**Assigned task**
Starting with the line with "ASTORGA, Portugal. Six-ring" in the entries below and going on through the line with "对于数据的存储,一台机器的文", output every line exactly and nothing more. No pictures.

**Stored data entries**
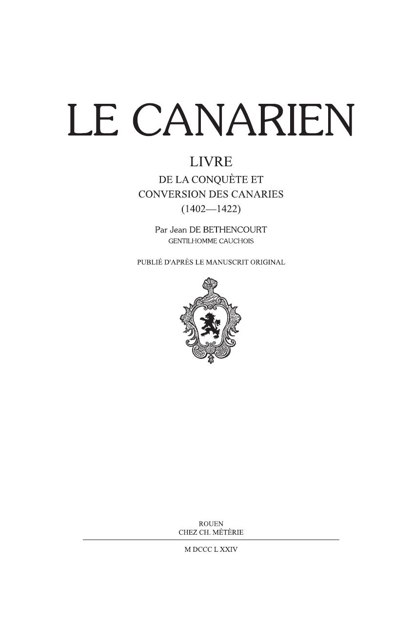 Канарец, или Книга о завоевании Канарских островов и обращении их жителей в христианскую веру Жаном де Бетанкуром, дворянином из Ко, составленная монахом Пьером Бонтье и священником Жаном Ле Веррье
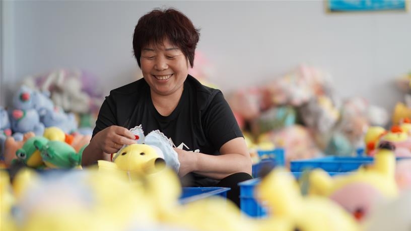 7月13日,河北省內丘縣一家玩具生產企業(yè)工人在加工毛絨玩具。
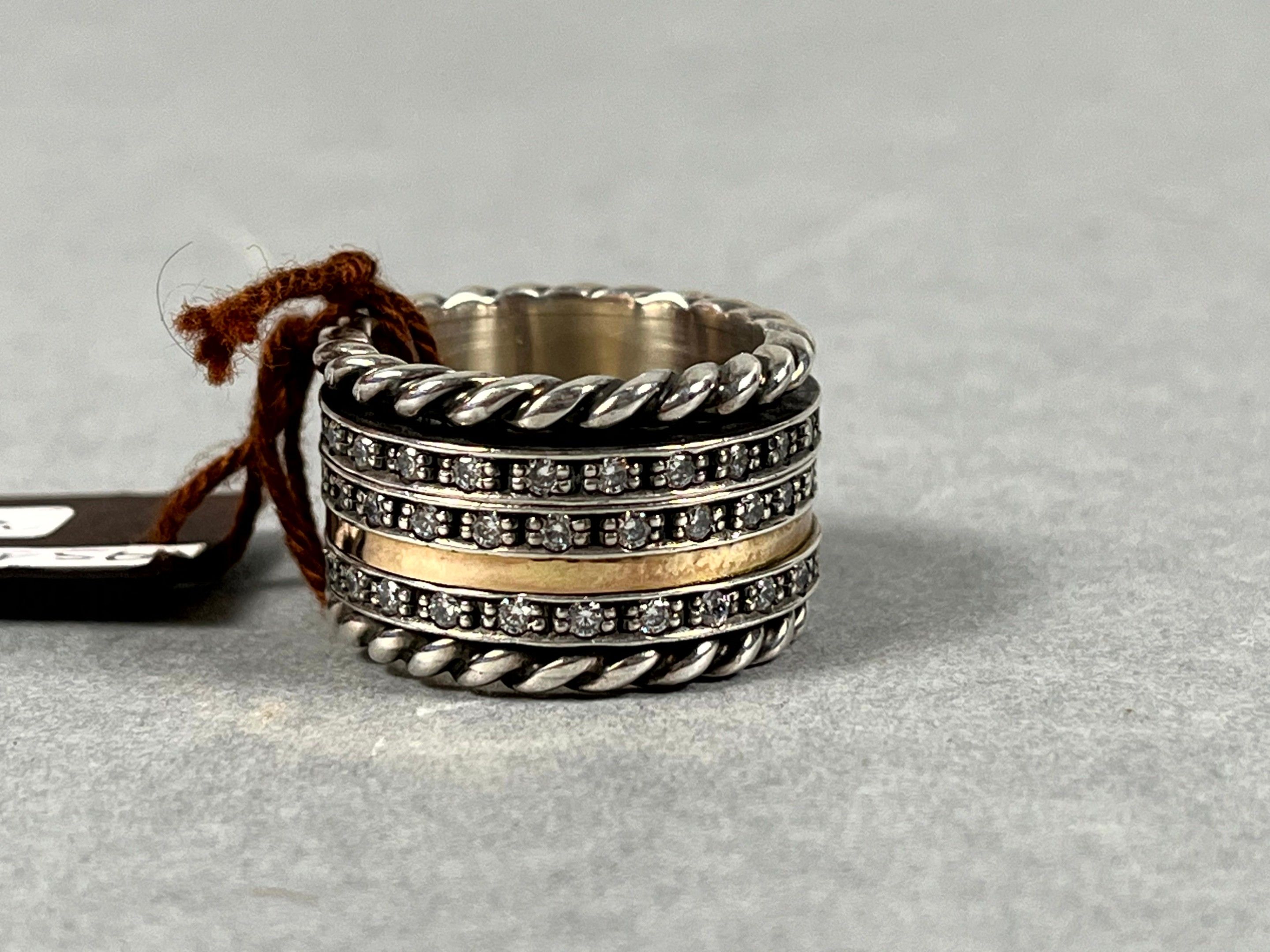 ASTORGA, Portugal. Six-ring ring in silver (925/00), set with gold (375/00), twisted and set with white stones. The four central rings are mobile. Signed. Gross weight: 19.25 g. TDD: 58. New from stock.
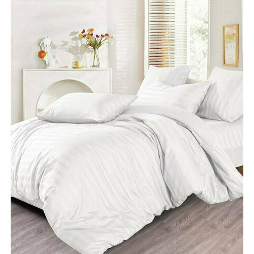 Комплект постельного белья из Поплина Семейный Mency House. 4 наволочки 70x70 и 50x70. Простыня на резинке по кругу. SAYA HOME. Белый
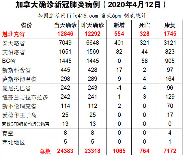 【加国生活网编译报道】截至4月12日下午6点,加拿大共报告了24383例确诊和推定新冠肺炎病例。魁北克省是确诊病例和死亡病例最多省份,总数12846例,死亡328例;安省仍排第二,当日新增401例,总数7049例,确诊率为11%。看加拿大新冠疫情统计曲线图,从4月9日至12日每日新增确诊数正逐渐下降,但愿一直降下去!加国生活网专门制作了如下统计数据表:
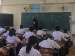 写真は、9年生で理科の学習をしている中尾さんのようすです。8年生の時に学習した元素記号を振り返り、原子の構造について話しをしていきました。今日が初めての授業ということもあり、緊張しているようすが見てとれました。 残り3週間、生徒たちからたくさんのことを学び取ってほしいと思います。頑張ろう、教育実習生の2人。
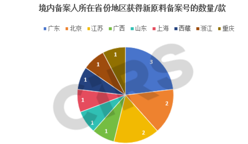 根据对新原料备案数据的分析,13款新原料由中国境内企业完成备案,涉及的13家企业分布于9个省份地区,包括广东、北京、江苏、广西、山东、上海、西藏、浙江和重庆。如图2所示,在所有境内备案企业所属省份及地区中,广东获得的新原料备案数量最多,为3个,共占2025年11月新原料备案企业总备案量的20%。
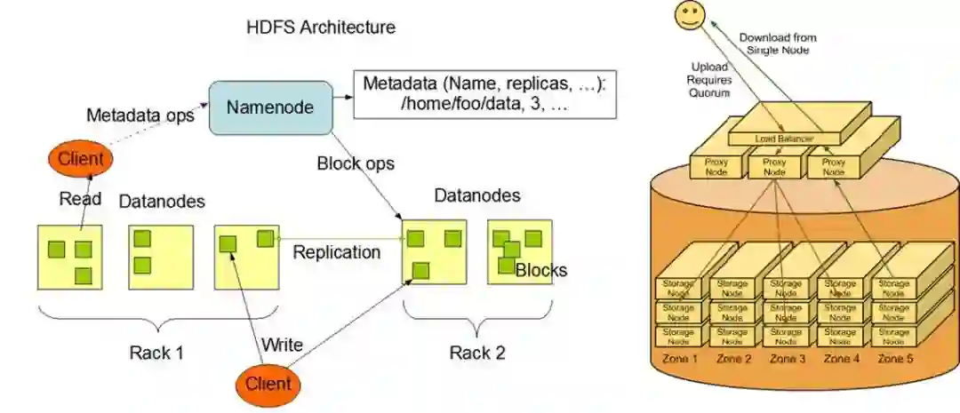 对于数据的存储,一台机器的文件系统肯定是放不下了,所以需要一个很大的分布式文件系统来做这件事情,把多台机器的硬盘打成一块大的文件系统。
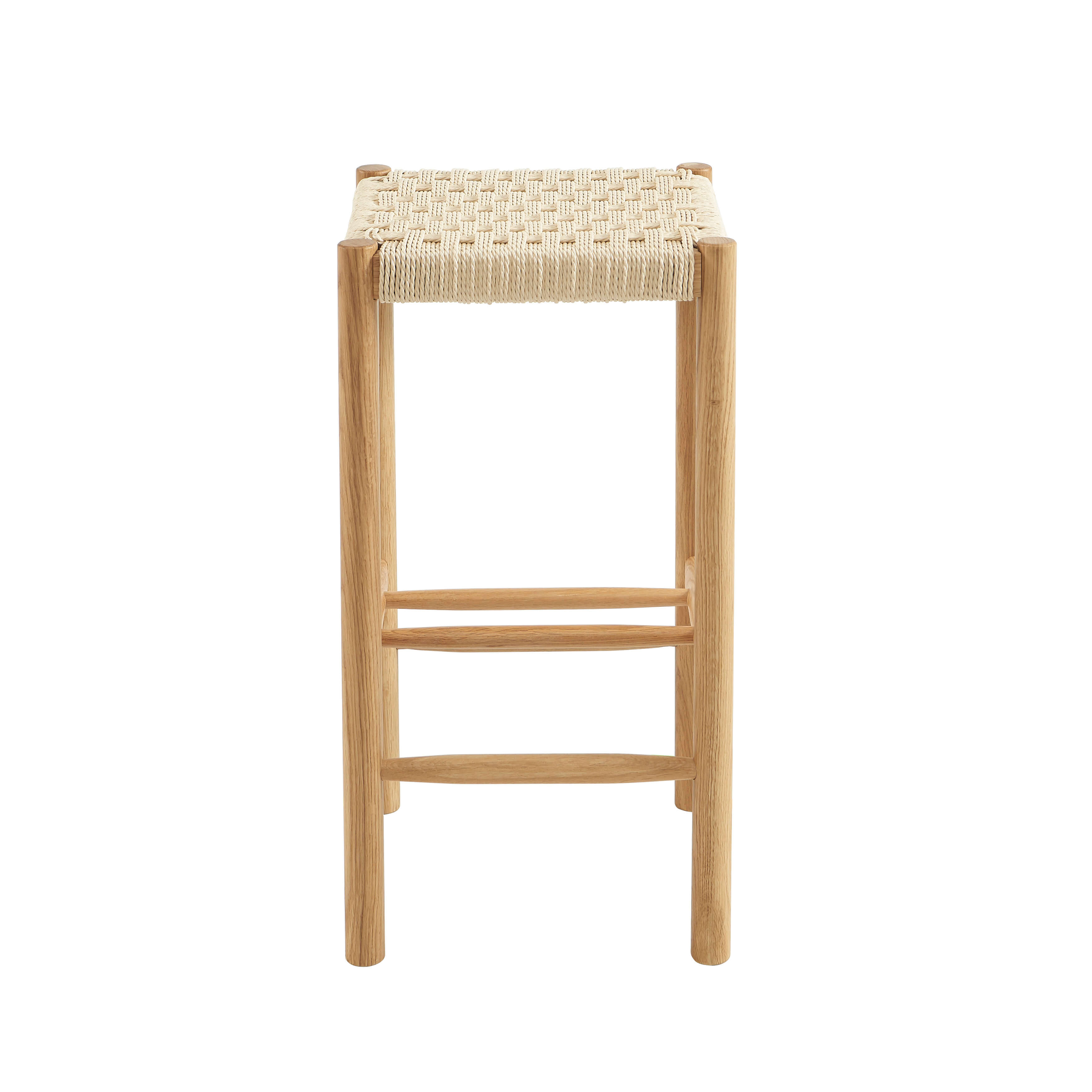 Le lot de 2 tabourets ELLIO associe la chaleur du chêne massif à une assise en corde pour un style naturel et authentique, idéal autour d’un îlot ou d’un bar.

**Completed task**
 ASTORGA, Portugal. Six-ring ring in silver (925/00), set with gold (375/00), twisted and set with white stones. The four central rings are mobile. Signed. Gross weight: 19.25 g. TDD: 58. New from stock.
 Комплект постельного белья из Поплина Семейный Mency House. 4 наволочки 70x70 и 50x70. Простыня на резинке по кругу. SAYA HOME. Белый
 【加国生活网编译报道】截至4月12日下午6点,加拿大共报告了24383例确诊和推定新冠肺炎病例。魁北克省是确诊病例和死亡病例最多省份,总数12846例,死亡328例;安省仍排第二,当日新增401例,总数7049例,确诊率为11%。看加拿大新冠疫情统计曲线图,从4月9日至12日每日新增确诊数正逐渐下降,但愿一直降下去!加国生活网专门制作了如下统计数据表:
 写真は、9年生で理科の学習をしている中尾さんのようすです。8年生の時に学習した元素記号を振り返り、原子の構造について話しをしていきました。今日が初めての授業ということもあり、緊張しているようすが見てとれました。 残り3週間、生徒たちからたくさんのことを学び取ってほしいと思います。頑張ろう、教育実習生の2人。
 根据对新原料备案数据的分析,13款新原料由中国境内企业完成备案,涉及的13家企业分布于9个省份地区,包括广东、北京、江苏、广西、山东、上海、西藏、浙江和重庆。如图2所示,在所有境内备案企业所属省份及地区中,广东获得的新原料备案数量最多,为3个,共占2025年11月新原料备案企业总备案量的20%。
 对于数据的存储,一台机器的文件系统肯定是放不下了,所以需要一个很大的分布式文件系统来做这件事情,把多台机器的硬盘打成一块大的文件系统。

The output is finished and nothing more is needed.